* Data records:

-------------------------

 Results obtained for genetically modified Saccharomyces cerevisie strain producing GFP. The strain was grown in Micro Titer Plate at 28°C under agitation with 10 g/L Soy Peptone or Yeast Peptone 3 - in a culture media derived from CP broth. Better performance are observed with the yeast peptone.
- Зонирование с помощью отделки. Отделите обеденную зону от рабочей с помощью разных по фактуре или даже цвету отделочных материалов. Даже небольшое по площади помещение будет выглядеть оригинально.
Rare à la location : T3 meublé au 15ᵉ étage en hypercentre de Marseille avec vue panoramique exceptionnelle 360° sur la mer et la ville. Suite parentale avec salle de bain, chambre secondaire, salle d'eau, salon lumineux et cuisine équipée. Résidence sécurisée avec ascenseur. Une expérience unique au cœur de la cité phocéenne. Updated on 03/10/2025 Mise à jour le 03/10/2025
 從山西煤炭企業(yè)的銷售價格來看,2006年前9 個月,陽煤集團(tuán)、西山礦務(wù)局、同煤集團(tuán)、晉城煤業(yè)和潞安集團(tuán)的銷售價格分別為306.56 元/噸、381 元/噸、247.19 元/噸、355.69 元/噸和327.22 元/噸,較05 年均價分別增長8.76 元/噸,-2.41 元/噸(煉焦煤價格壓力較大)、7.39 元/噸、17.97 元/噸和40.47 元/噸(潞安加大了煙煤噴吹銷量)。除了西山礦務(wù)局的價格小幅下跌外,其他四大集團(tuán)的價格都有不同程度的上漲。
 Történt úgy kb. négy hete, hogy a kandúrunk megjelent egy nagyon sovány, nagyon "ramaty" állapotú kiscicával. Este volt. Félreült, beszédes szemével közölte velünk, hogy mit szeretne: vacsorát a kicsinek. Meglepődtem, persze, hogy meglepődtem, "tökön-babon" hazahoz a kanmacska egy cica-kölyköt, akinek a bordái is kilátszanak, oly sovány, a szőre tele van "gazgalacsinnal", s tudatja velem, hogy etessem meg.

-------------------------

Every record above must appear again in the answer, unchanged.

 Results obtained for genetically modified Saccharomyces cerevisie strain producing GFP. The strain was grown in Micro Titer Plate at 28°C under agitation with 10 g/L Soy Peptone or Yeast Peptone 3 - in a culture media derived from CP broth. Better performance are observed with the yeast peptone.
- Зонирование с помощью отделки. Отделите обеденную зону от рабочей с помощью разных по фактуре или даже цвету отделочных материалов. Даже небольшое по площади помещение будет выглядеть оригинально.
Rare à la location : T3 meublé au 15ᵉ étage en hypercentre de Marseille avec vue panoramique exceptionnelle 360° sur la mer et la ville. Suite parentale avec salle de bain, chambre secondaire, salle d'eau, salon lumineux et cuisine équipée. Résidence sécurisée avec ascenseur. Une expérience unique au cœur de la cité phocéenne. Updated on 03/10/2025 Mise à jour le 03/10/2025
 從山西煤炭企業(yè)的銷售價格來看,2006年前9 個月,陽煤集團(tuán)、西山礦務(wù)局、同煤集團(tuán)、晉城煤業(yè)和潞安集團(tuán)的銷售價格分別為306.56 元/噸、381 元/噸、247.19 元/噸、355.69 元/噸和327.22 元/噸,較05 年均價分別增長8.76 元/噸,-2.41 元/噸(煉焦煤價格壓力較大)、7.39 元/噸、17.97 元/噸和40.47 元/噸(潞安加大了煙煤噴吹銷量)。除了西山礦務(wù)局的價格小幅下跌外,其他四大集團(tuán)的價格都有不同程度的上漲。
 Történt úgy kb. négy hete, hogy a kandúrunk megjelent egy nagyon sovány, nagyon "ramaty" állapotú kiscicával. Este volt. Félreült, beszédes szemével közölte velünk, hogy mit szeretne: vacsorát a kicsinek. Meglepődtem, persze, hogy meglepődtem, "tökön-babon" hazahoz a kanmacska egy cica-kölyköt, akinek a bordái is kilátszanak, oly sovány, a szőre tele van "gazgalacsinnal", s tudatja velem, hogy etessem meg.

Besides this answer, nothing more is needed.